AI is here to stay in healthcare
If you’re working in the digital health space, it's hard to avoid robust discussions about artificial intelligence or machine learning. If you look at any programme for any healthtech conference, you’re almost guaranteed to see at least one speaker or presentation on the topic.
In a recent survey, 487 pathologists reported that “the majority of respondents carried generally positive attitudes towards AI, with nearly 75% reporting interest or excitement in AI as a diagnostic tool to facilitate improvements in workflow efficiency and quality assurance in pathology.”
In another survey of specifically ophthalmology, radiology/radiation oncology & dermatology, 71% believed artificial intelligence would improve their field of medicine, and 85% feels that the medical workforce needs would be impacted by the technology within the next decade.
With massive amounts of R&D funnelled into this area, from the ground-breaking fields of oncology and neurology, to now sports-science, ophthalmology as well as more administrative applications like patient reported outcomes & billing/insurance, it’s hard to say that people are still on the fence.
AI in practice
There is a large number of start-ups in this space, including many here in Australia, that are looking to apply Machine learning and AI techniques to leverage efficiencies in image & data processing, or provide insights into population health.
One start-up that Curve has worked with from ideation through to Minimum Viable Product is Macuject.
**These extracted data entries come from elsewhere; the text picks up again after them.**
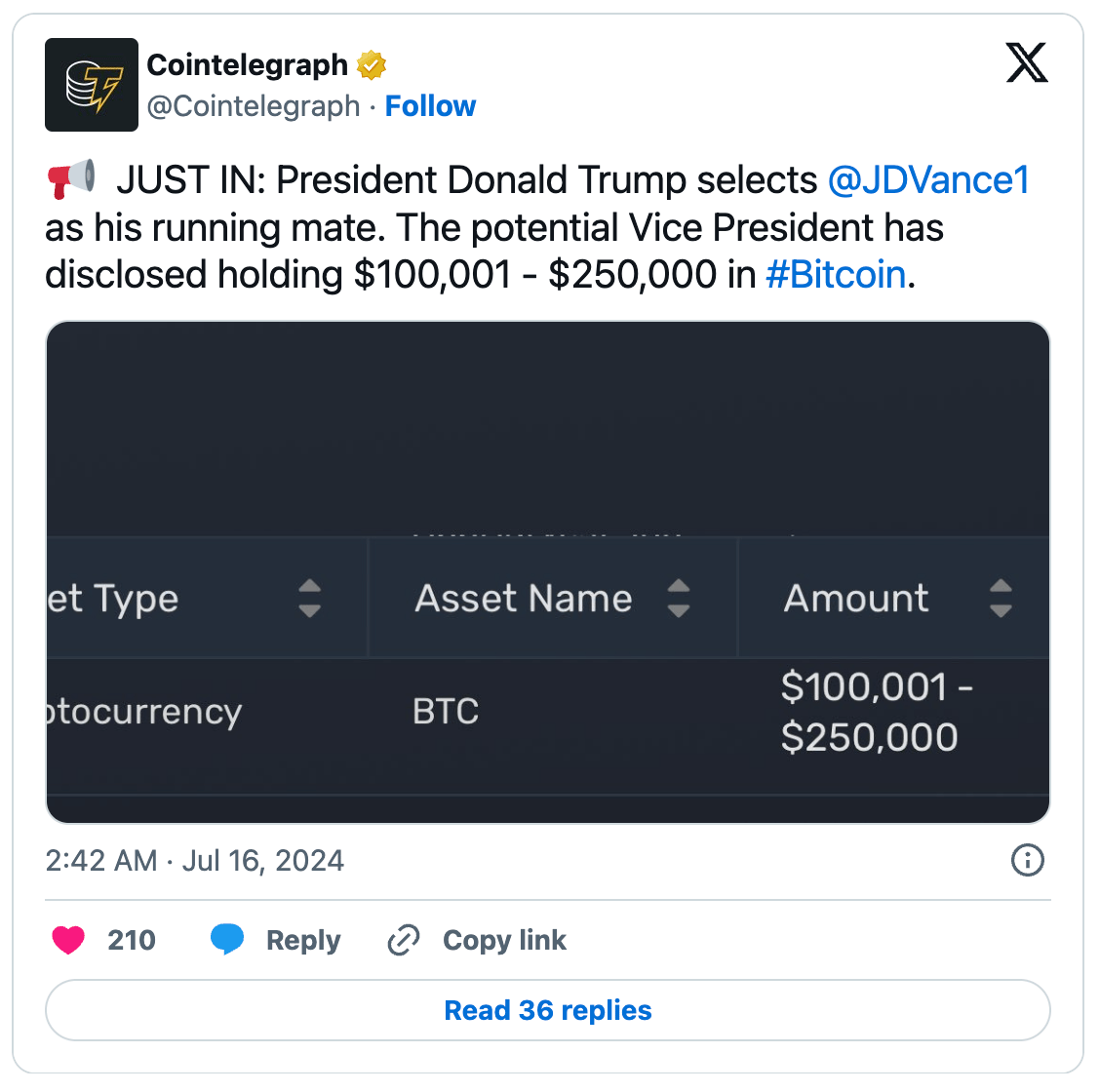 Trump Picks Crypto-Friendly JD Vance as Running Mate
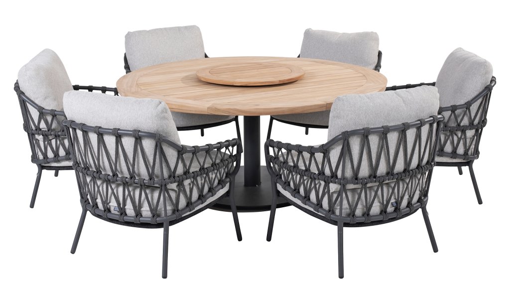 Der niedrige Esstisch 4Seasons Saba hat einen pulverbeschichteten Edelstahlfuß mit einer Tischplatte aus Teakholz. Wir empfehlen die Pflege des Teakholzes mit unseren Pflegeprodukten von 4 Seasons Outdoor, um eine lange Lebensdauer und ein schönes Aussehen zu garantieren. Der Calpi-Stuhl besteht aus einer Edelstahlbasis mit Seilteilen, die gegen verschiedene Witterungseinflüsse beständig sind.
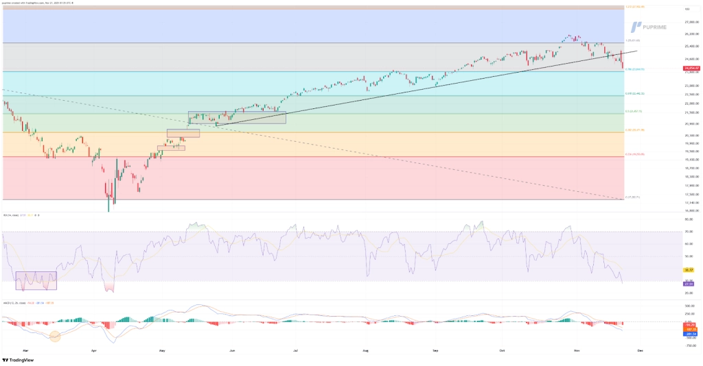 Momentum indicators reinforce the current downward pressure. RSI is falling toward the oversold region, signaling consistent selling strength without signs of a reversal yet. Meanwhile, the MACD remains below the signal line with expanding negative histogram bars, confirming bearish momentum and a lack of bullish participation.
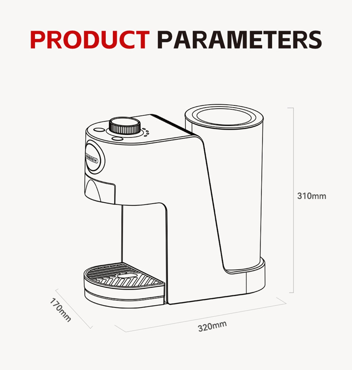 Met uitschuifbare lade, LED-indicatoren en vintage knop richt HiBREW zich op dagelijks gebruiksgemak. De aanraakpunten en bedieningselementen zijn minimaal, wat het eenvoudig maakt voor gebruikers die geen uitgebreide menu’s willen. Dit minimalistische design draagt bij aan snelle voorbereiding en installatie.

Conceived by Dr. Devinder Chauhan in 2016, Macuject combines patient management, clinic decision support & a trained model for imaging inferencing, aiming to reduce costs, improve patient outcomes and provide guidance around best treatment practices to help address the massive global problem of undertreatment of macular degeneration.
When Dr Chauhan approached Curve, he saw the perfect opportunity to revolutionise his field.
We helped guide him to a minimum viable product with our design principles (human-centered and iterative, to ensure you solve the right problem), through some ups & downs, some beta-testing, more feedback, key opinion leader engagement, and now they’re accelerating with a growing team of their own.
All that couldn’t come at a better time. In a presentation at EURETINA 2019 (European Society of Retina Specialists), attendees were asked about the impact of AI in their field:
Curve has worked on training models for physical rehabilitation, to ensure adherence of exercises for patients in-home therapies, and is currently working around patient administration and patient reported outcomes.
We’ve also invested energy into some of the off-the-shelf services now available from AWS, IBM & Google, using their natural language processing to help quickly get information out of the big data healthcare creates.
The dark side of AI in healthcare
While there is an overwhelming feeling that healthcare will be positively impacted and evolved due to AI in many and varied ways, it’s important to be aware of its potential pitfalls and downsides.
Some research has shown that deep learning has the unfortunate and damaging tendency to perpetuate discrimination.
Poor AI bias is a nuanced and complex issue. It’s often the result of a confluence of decisions including a poorly framed problem, unrepresentative data, and discriminatory attribute selection when preparing data - which is what makes it difficult to pinpoint and prevent.
Given the existing disparities in pain in underserved populations, AI has the potential to be a driver of change and improvement, as long as these issues aren’t left unaddressed.
The future of AI in healthcare
There are many instances in which AI has the ability to perform healthcare tasks as well as - or in some cases, better than - humans.
But there’s certainly a long road ahead before the large scale automation of healthcare professional jobs is realistic , or even feasible. The “human” factors are so important in this industry, and even with the best natural language processing or chat-bots, our desire to be seen and addressed by a human - not a bot - for connection, will remain a key element of healthcare.
In the meantime, AI will continue to be implemented in key areas such as diagnosis and treatment recommendations, patient engagement and adherence, and administrative activities, and our role is to remain vigilant and conscious of the ethical issue that AI might also give rise to as we make better and broader use of it. It’s about fit for purpose, and if we can integrate these technologies to reduce errors in repetitive processes or tasks, or allow clinicians to focus on what matters, then we can move to a world of AI-Assisted workplaces that focus on our strengths.